"I hope you will not think any the less of me for being a girl!"
This plea was sent to Albert Einstein by a young South African in the 1940s, and was recently unearthed as part of Alice Caprice's Dear Professor Einstein: Albert Einstein's Letters to and from Children. Although brief, Tyfanny's words capture the self-consciousness and self-doubt that have for so long plagued women who aspire to careers in science and technology.
In the letter, dated Sept. 19, 1946, a seemingly agonized Tyfanny admits to Einstein that she has left out a potentially damaging detail about herself. "I forgot to tell you, in my last letter, that I was a girl. I mean I am a girl," the young scientist writes. "I have always regretted this a great deal, but by now I have become more or less resigned to the fact."
Image Credit: Getty
The physicist's pithy response is a timeless lesson that bears repeating, all these decades later. "I do not mind that you are a girl, but the main thing is that you yourself do not mind," the Nobel Prize winner replied. "There is no reason for it."
There really is no reason why girls should doubt their abilities in science, technology, engineering and math (STEM). But for years, popular culture has fostered an environment that, purposefully or not, sends women and girls the message that boys should handle the power tools, lest the girls' dresses get a little dusty.

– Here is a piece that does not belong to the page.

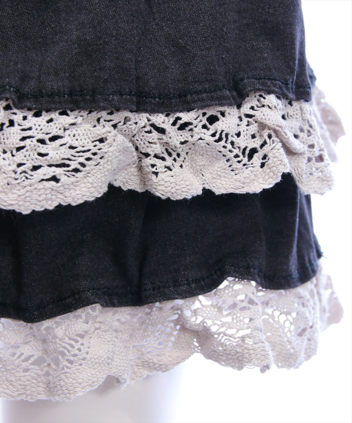 デニムのカジュアルさに、レースのティアードを組み合わせた個性派スカート。段差のある切り替えが立体感を生み、シンプルなトップスを合わせるだけで着映えするデザインです。ふんわり広がるティアードシルエットが、脚をすっきりと見せてくれるのも嬉しいポイント◎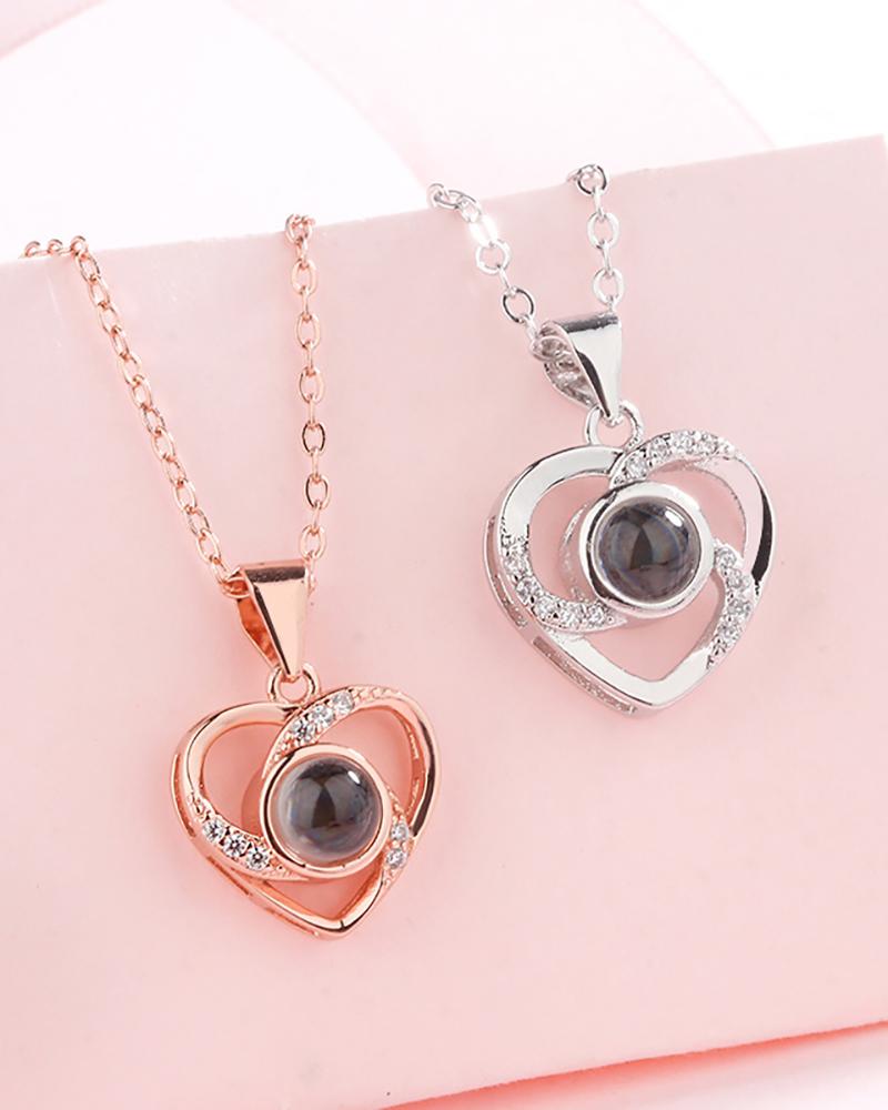 Valentine's Day Rhinestone Heart Pattern Pendant Chain Necklace, Gold

The gender imbalance in the sciences today, more than 60 years after Einstein encouraged Tyffany to feel confident in both her scientific passions and her gender, is arguably more pronounced than in any other field: Only 26% of all STEM workers in the U.S. are women.
This is a problem, especially given America's already-lagging educational system. "If we're going to out-innovate and out-educate the rest of the world, we've got to open doors for everyone. We need all hands on deck, and that means clearing hurdles for women and girls as they navigate careers in science, technology, engineering and math,” First Lady Michelle Obama said in a 2011 statement.
Image Credit (both): U.S. Department of Commerce
According to data from the National Science Foundation, included as part of Verizon's viral "Inspire Her Mind" commercial, 66% of fourth grade girls say they like science and math, but only 18% of all college engineering majors are female. So when do these potential Marie Curies lose their interest?
Much of this has to do with the significant bias that female scientists must overcome, but equally poisonous are thoughts that dissuade women from pursuing scientific careers, simply because they are women. For example, research has shown that teachers tend to rate white girls' math abilities lower than those of white male students, even when the girls' grades and test scores are comparable to boys.
"I think that the lack of women and girls in this field, it's an economic problem for the country," Reshma Saujani, CEO of the Girls Who Code initiative, told ThinkProgress. Saujani sees business sense in encouraging women to do this: "The more women you have creating these projects, the more girls becoming hackers and scientists and coders, the more products you'll sell. It makes business sense to get more women in this field."
Source: CBS News
The White House has taken note, as have private corporations like Google, where only 17% of those who work in tech divisions are women. Google's new Girls Who Code scholarship is part of an initiative, announced on Thursday, that would foot the bill for "thousands of women" to learn how to code. Unfortunately, the fine print is that Google is giving these scholarships only to women who are already working in tech. To tackle this problem, we first have to make sure that Tyffannys everywhere never have to worry that their heroes could think less of them, simply because they might wear a dress.